By Rebecca Barry Hill
Viva
Adam D'Sylva. Photo / Supplied.

Adam D'Sylva grew up eating Italian and Indian - often during the same meal.

"Dad's Indian so he had to have curries a lot, so six nights a week we'd have that with a big bowl of basmati rice," says the star Aussie chef, on the phone from Melbourne. "And Mum's side of the family is Italian so we'd have a bowl of pasta or gnocchi. I'd often have curry followed by pasta. I grew up thinking every family did the same."

Apparently Mum didn't mind cooking two meals, as she had her mother, sisters and son to help. But these days she leaves much of the multi-cultural-tasking to D'Sylva, who still loves combining Asian and European flavours at his popular Melbourne restaurant, Coda. Aucklanders can try his fare when he comes to New Zealand for Auckland Restaurant Month, fronting A Taste of Coda, with Soul Bar's head chef and My Kitchen Rules New Zealand judge Gareth Stewart wine-matching his five courses.

It's an opportunity to taste Coda's staple dishes, including the signature roasted yellow duck curry, sashimi-style tuna with green apple salad and ponzu, and buffalo mozzarella salad with zucchini fritters.

Coda is known for its French-Vietnamese food but D'Sylva also creates Thai, Chinese and Japanese. Depending on their availability, and whether or not we can supply fresh betel leaf, he might be rocking up to our "precious country" with a few ingredients.

"Hopefully you're not too precious," he laughs. "It's what I call modern Australian. I'm using today's ingredients and techniques true to each culture. If it says it's duck curry, or steak tartare, that's what you'll get. I'm not a fusion person. Or should I say, con-fusion."

He's also hoping to sneak in a couple of dishes from Coda's little sister restaurant, Tonka, through which he expresses his love for his Indian heritage.

So, does this talented gastronomer, named Australia's Young Chef of the Year twice, think he'll be able to educate the New Zealand palate? If so, he prefers to let his food do the talking. Although he speaks at the speed with which you'd imagine he aims to gets his dishes out, you could hardly blame him for being a man of few, swift words.
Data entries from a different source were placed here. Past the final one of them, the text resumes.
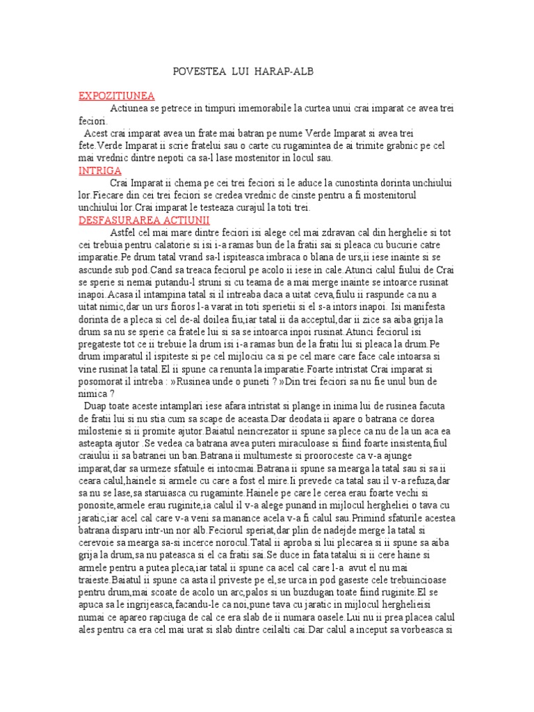 Www Referat10 Net Povestea Lui Harap Alb Momentele Subiectului
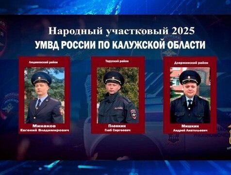 Стартовал 2 этап конкурса на лучшего участкового Калужской области Стартовал 2 этап Всероссийского конкурса "Народный Участковый – 2025" в Калужской области. В финале остались три кандидата: Андрей Мишкин (Дзержинский муниципальный округ), Евгений Минаков (Людиновский муниципальный округ) и Глеб Пленкин (Тарусский муниципальный округ). Один из них станет лучшим участковым и представит регион на федеральном уровне. Отдать голос можно по ссылке, а само голосование продлится до 17 октября, сообщили в УМВД России по Калужской области. http://gtrk-kaluga.ru/news/obschestvo/news-57991
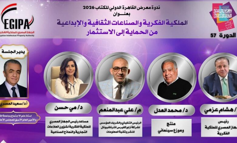 ينظم الجهاز المصري للملكية الفكرية ندوة فكرية بعنوان «الملكية الفكرية والصناعات الثقافية والإبداعية: من الحماية إلى الاستثمار»، ضمن البرنامج الثقافي لمعرض القاهرة الدولي للكتاب، في تمام الساعة الثانية عشرة ظهر غد السبت، بصالة 4 بلازا 2، وذلك في إطار مشاركة الجهاز الأولى في معرض القاهرة الدولي للكتاب،
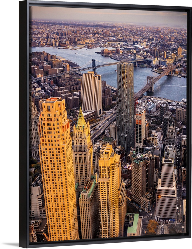 <p>USA, New York City, East River, Manhattan, Lower Manhattan, the Freedom Tower observatory deck, one world observatory, Beekman Tower, Chase Manhattan, Trump Building, Brooklyn bridge and Manhattan bridge</p>
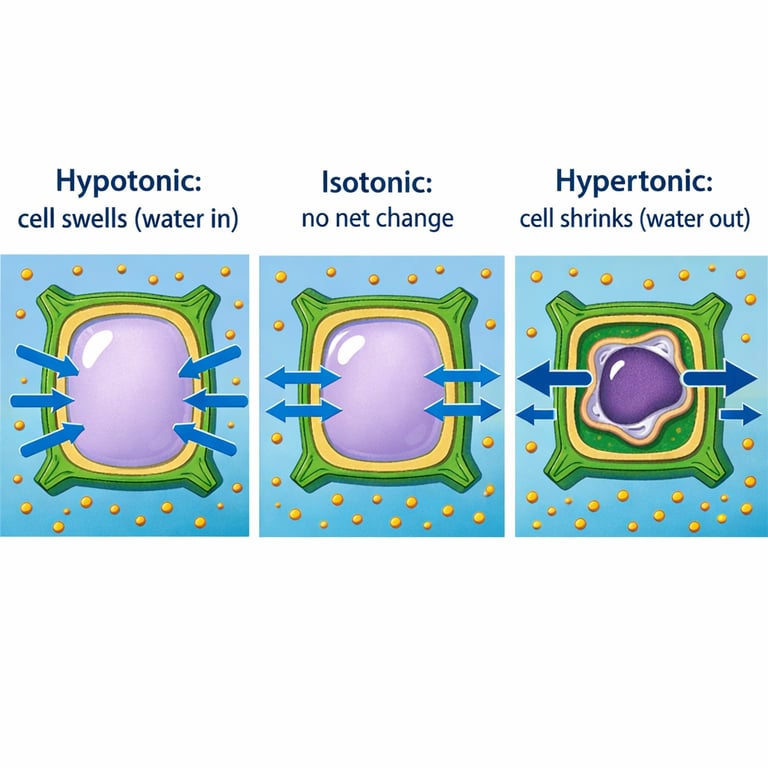 Osmosis is the net diffusion of water across a selectively permeable membrane toward higher solute concentration. In hypotonic solutions (more water outside), cells gain water and swell; in isotonic solutions, there is no net change; in hypertonic solutions (less water outside), cells lose water and shrink. These outcomes explain why cell size and turgor depend strongly on external solute conditions.
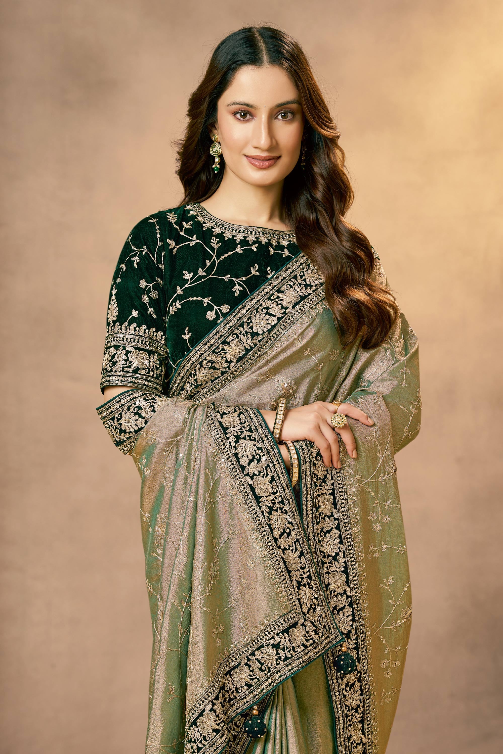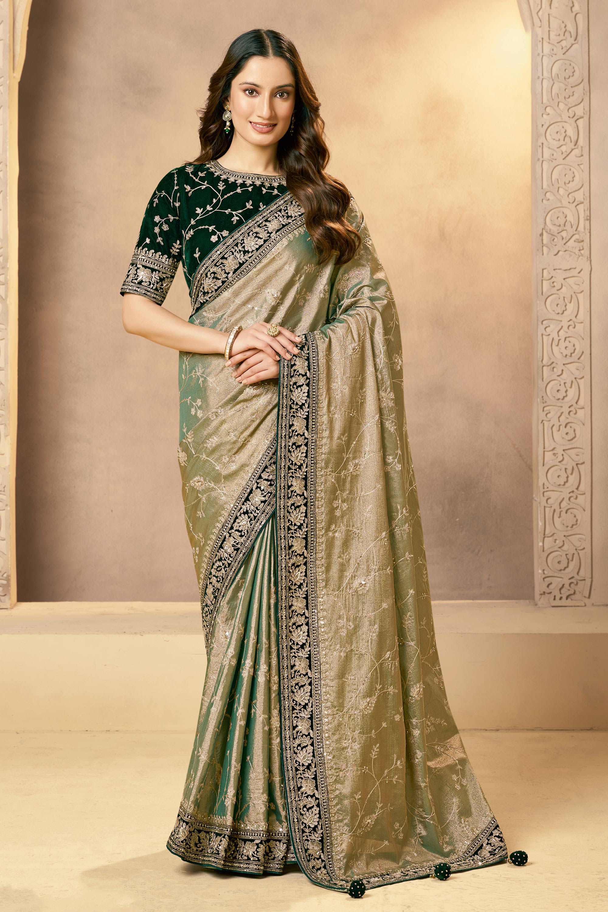 Tissue Silk Fabric Green Wedding Wear Saree
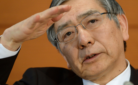 日本中央銀行(日本銀行)11日做出決定,維持現(xiàn)行超寬松貨幣政策不變,同時(shí)連續(xù)第六個(gè)月對(duì)該國經(jīng)濟(jì)做出“繼續(xù)溫和復(fù)蘇”的評(píng)估。盡管日本經(jīng)濟(jì)增速放緩,且上調(diào)消費(fèi)稅措施即將來臨,但日本央行依舊看好日本經(jīng)濟(jì)復(fù)蘇前景,認(rèn)為日本經(jīng)濟(jì)將逐漸擺脫通縮困局。圖為日本央行總裁黑田東彥在貨幣政策會(huì)議結(jié)束后出席新聞發(fā)布會(huì)。
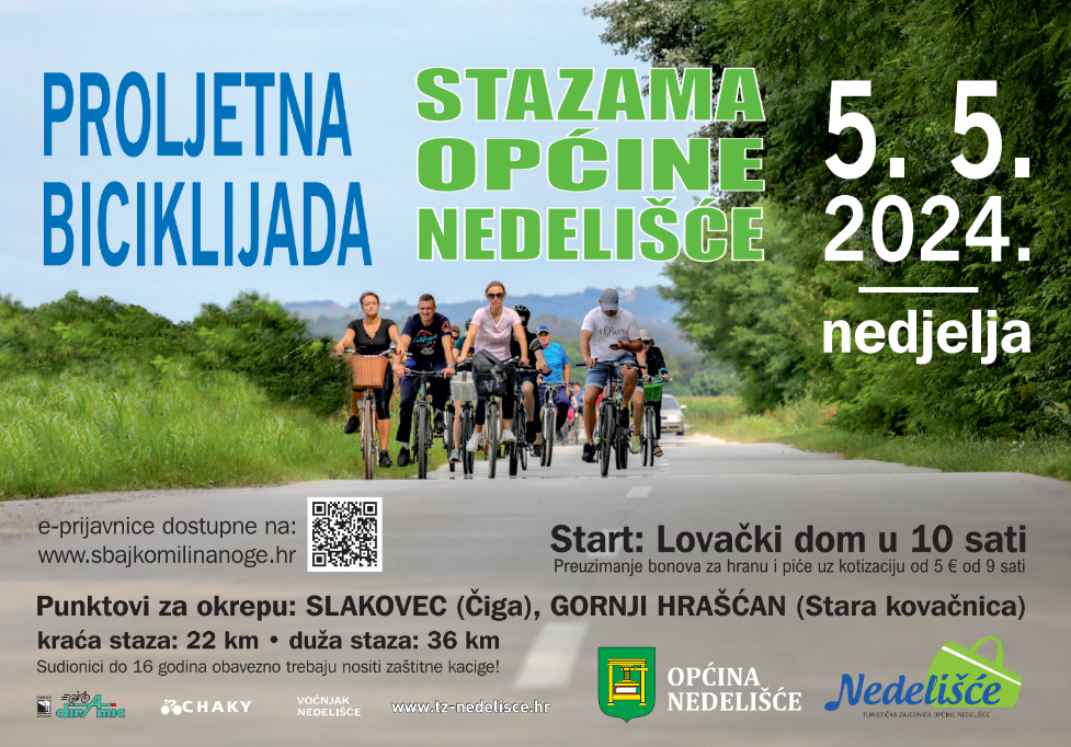 Turistička zajednica Općine Nedelišće poziva Vas na još jedno izdanje biciklijade „Stazama Općine Nedelišće“. Svi željni druženja u prirodi i rekreacije doći će na svoje u nedjelju, 5. svibnja 2024. godine.
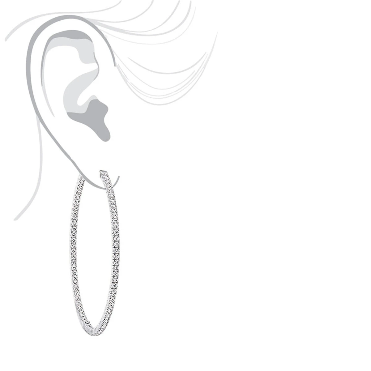 From our diamond hoop earrings for women collection: These extremely fashionable 2.5mm wide 2.5 inches in diameter Inside Out Diamond Hoop Earrings showcase remarkable 5 carats of genuine G color VS clarity white sparkling round diamonds masterfully set inside and out each earring and are simply mesmerising. These statement earrings have a flawless design and were expertly crafted to meet the highest industry standards, they are meant to be worn without any need for further jewels due to their eye-catching, attention commanding outlook. Also featuring a highly polished gold finish, these gorgeous diamond hoop earrings are available in 14K white, yellow and rose gold.

He's running two successful restaurants, employs around 40 chefs and spends much of his day walking the 100m between the two. And although he says there have been few speed-bumps during his tenure at the top, he's humble about his success. Cooking is just "something I've always done". Rather than use his exotic surname as his restaurant's brand, he chose the name of a Led Zeppelin album.

The secret to his success, he reckons, is working with stellar cooks. When he returned to Australia after years of travel, he became head chef under Geoff Lindsay at one of Melbourne's finest dining establishments, Pearl Restaurant. Next he got the top job at Longrain, under Martin Boetz.

"Learning from great chefs is the best training, and just being dedicated and loving what you do. I spent eight years collectively working for [Lindsay and Boetz] and their creativeness, flavours and style of cooking all rubbed off."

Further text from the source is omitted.